BTB-kelch蛋白DIP-2的表現及功能特性分析

Abstract

DIP-2為BTB-kelch蛋白家族的一員。許多BTB-kelch蛋白已被發現高度表現於神經系統中，並參與包括神經型態生成以及突觸訊息傳遞在內的神經發育機轉。但就DIP-2而言，儘管我們已發現它可作為Cul3泛素接合酶與受質間的轉接者，進而導致死亡相關蛋白激酶DAPK以及抑癌蛋白PML的泛素化和降解，但對於DIP-2的表現分佈以及其詳細的功能機制所知甚少。本篇論文中，我們觀察DIP-2於成鼠腦部的表現情形，發現DIP-2主要分佈於大腦皮層、海馬迴、嗅球及小腦皮層等區域。值得注意的是，DIP-2於絕大多數區域呈現以細胞體和樹突為主的表現型態，但於海馬迴CA3處則特別表現於軸突中。另一方面，為求更進一步瞭解DIP-2的功能，本篇論文亦深入探討DIP-2對PML進行蛋白降解的調控機制，從而發現細胞週期素依賴性激酶(CDKs)參與DIP-2對PML的調控。我們證實PML確實為CDK1/2/4/6的受質，而Ser 518則為主要發生磷酸化的殘基。實驗結果顯示，這些CDK都參與由DIP-2所誘發的PML蛋白降解。總的來說，這項研究不僅呈現DIP-2蛋白於鼠腦中的表現型態特徵，亦將DIP-2所媒介的PML蛋白降解與細胞週期對PML的調控機制作緊密結合，為抑癌蛋白PML穩定性的研究提供新的一層認知。

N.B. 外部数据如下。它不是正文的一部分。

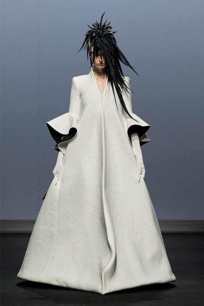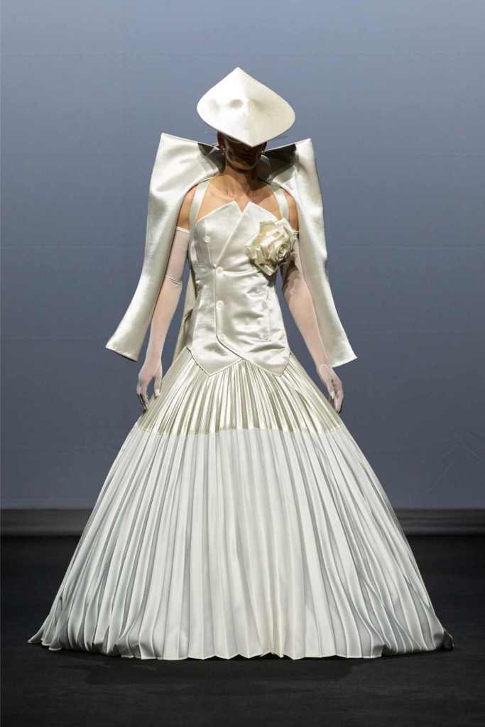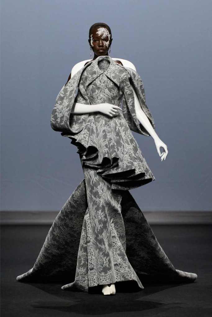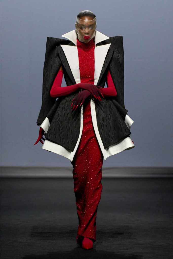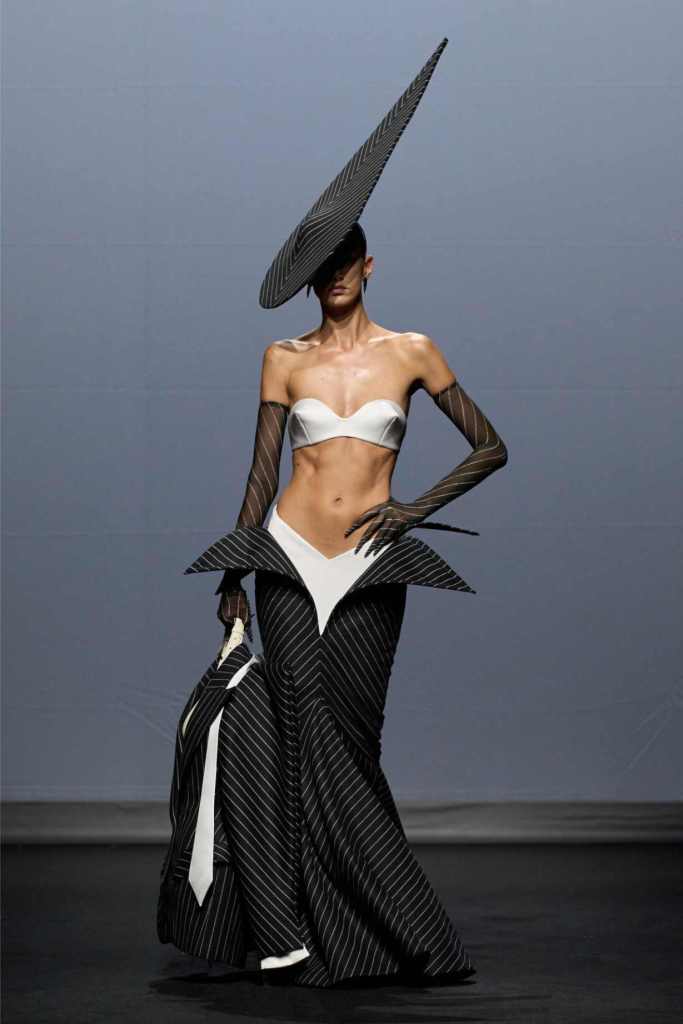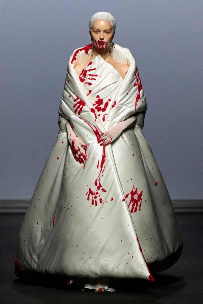 From the first look—a white quilted gown stamped with blood-red handprints—it was clear we weren’t in for a clean or quiet evolution. This was fashion as catharsis. Tailoring was twisted, deconstructed, and sometimes almost monstrous: jackets with extra arms, corsets with blown-up collars, and suit jackets carried like rigid ghosts. Every silhouette seemed caught between falling apart and becoming something new.

DIP-2 is a member of the BTB-kelch protein family, of which several members are highly expressed in the nervous system and have been demonstrated to elicit neuronal functions, including neural morphogenesis and synapse transmission. However, little is known about the expression patterns of DIP-2 and its biological functions, although previous studies in our laboratory revealed that DIP-2 functions as a substrate adaptor of Cul3-based ubiquitin ligase to promote the ubiquitination of DAPK and PML. Here, we characterized the expression pattern of DIP-2 protein in the adult mouse brain and found its high expression levels in the cerebral cortex, the hippocampus, the olfactory bulb and the cerebellar cortex. Notably, DIP-2 displays both somatic and dendritic patterns in most regions observed, whereas it exhibits an axonal pattern in CA3 of hippocampus. In an attempt to study the function of DIP-2, we investigated the mechanism through which DIP-2 mediates PML protein degradation. First, we identified a role of CDK in DIP-2-mediated PML degradation. Furthermore, we demonstrated PML as the substrate of CDK1/2/4/6 in vitro and the Ser 518 residue as the major phosphorylation site. Finally, we showed that the each of these CDKs contributes to PML degradation induced by DIP-2. Together, this study not only presents the expression features of DIP-2 in mouse brain, but also provides a linkage between DIP-2-mediated PML degradation and cell cycle-dependent regulation of PML, thus adding another aspect of proper control for the stability of tumor suppressor PML protein.